10 January 2016 by Robert Falkowitz 5 Comments

Process Metrics are Key


It is well known that ITIL® describes four types of process metrics:
process efficiency, process effectiveness, process progress and process
compliance [see, in particular, the discussion in Service
Design, §3.7.5]. However, given the ambiguities of this terminology,
it is not always evident to débutants how these types may be
characterized and used. If efficiency and effectiveness are relatively
easy to understand, progress and compliance are less easy to
comprehend. Because a good understanding of metrics is a key
underpinning of good management, it is worth looking at what these
types really imply. In this article, I will discuss process compliance.

Process Compliance as a Metric Type


ITIL describes the process compliance metric type as

Compliance of the process to governance requirements, regulatory


requirements and compliance of people to the use of the process.

Hiding behind this all too brief enumerative description is a very wide
array of controls concerning different life cycle phases and widely
varying types of governance. We may eliminate the problem of using
a term to define itself and generalize the description of the process
compliance metric as:

The definition of how to measure the respect by a process of the


controls placed on it.
Fig. 1: Process compliance refers to
controls in several layers.
The controls might be external to the service provider organization,
such as governmental regulations or industry standards. They might be
internal to the service provider organization, but external to the
process itself. And they might be controls that are internal to the
design of the process itself. And, as we shall see, we may assess the
definition of the process as well as the execution of the process.
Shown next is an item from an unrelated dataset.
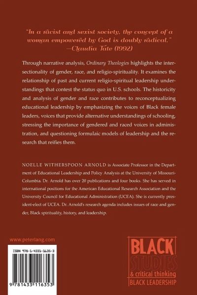 Through narrative analysis, Ordinary Theologies highlights the intersectionality of gender, race, and religio-spirituality. It examines the relationship of past and current religio-spiritual leadership understandings that contest the status quo in U.S. schools. The historicity and analysis of gender and race contributes to reconceptualizing educational and leadership by emphasizing the voices of Black female leaders, voices that provide alternative understandings of schooling, stressing the importance of gendered and raced voices in administration, and questioning formulaic models of leadership and the research that reifies them.

Given this definition, we see that the list of “controls” provided by


ITIL consists, first of all, of an active agent that truly control a
process (the process owner); next, of the references the controller
uses to perform the controls (policies, objectives, documentation); and
finally the measurements that are compared to the reference values
(feedback). Missing from ITIL’s list are the technical agents that may
control a process autonomically (typically, software tools); the
measurements of the process activities themselves (and not just the
output); the measurement of the inputs (whose volume can be
compared to the volume of outputs); and the assessment of the
outcomes at the process’ customers that were fostered by using the
process. These outcomes may indicate if the objectives of the process
were appropriately defined.
Fig. 2: Flow of information in the control of processes (tuning and
improvements not indicated)¹
Compliance and Conformity
Living in an age of semantic lassitude, we should clarify what we
mean by “compliance”, in an effort to overcome the indolent
indifference to the meanings of words that characterizes so many
people. Too, many organizations have developed idiosyncratic uses of
the term “compliance”, leading to divergent understandings of what it
means. It is worth distinguishing compliance from conformity as a
way of clarifying our understanding.